Rescue workers, top, and soldiers with investigators, bottom, work at the site of last week’s explosion that hit the seaport of Beirut, Lebanon, Monday, Aug. 10, 2020.(AP Photo/Bilal Hussein)

Rescue workers, top, and soldiers with investigators, bottom, work at the site of last week’s explosion that hit the seaport of Beirut, Lebanon, Monday, Aug. 10, 2020.(AP Photo/Bilal Hussein)

Canada to match donations to Lebanon relief

Canada is directing all of its aid for this crisis directly to humanitarian organizations, not the Lebanese government

The federal government will match all individual donations from Canadians to humanitarian relief efforts in Lebanon following this week’s deadly explosion in Beirut.

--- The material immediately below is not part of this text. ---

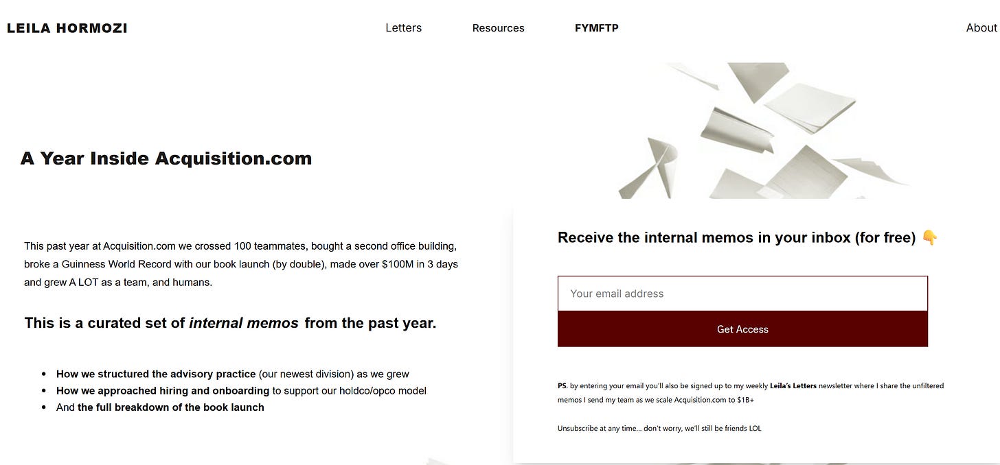 Leila Hormozi’s “newsletter” that’s not adding more to her plate

International Development Minister Karina Gould says Canadians can help the Lebanese people who have lost loved ones, been injured or lost homes from the explosion by giving generously.

“Concerted humanitarian action is required to meet the immediate needs of people impacted by the blast, including health care food, shelter and water,” she said.

“My message to Canadians is this: the best way that you can help is to donate money, and for your contribution to be matched by the government of Canada, donations must be made to the humanitarian coalition or one of its partners.”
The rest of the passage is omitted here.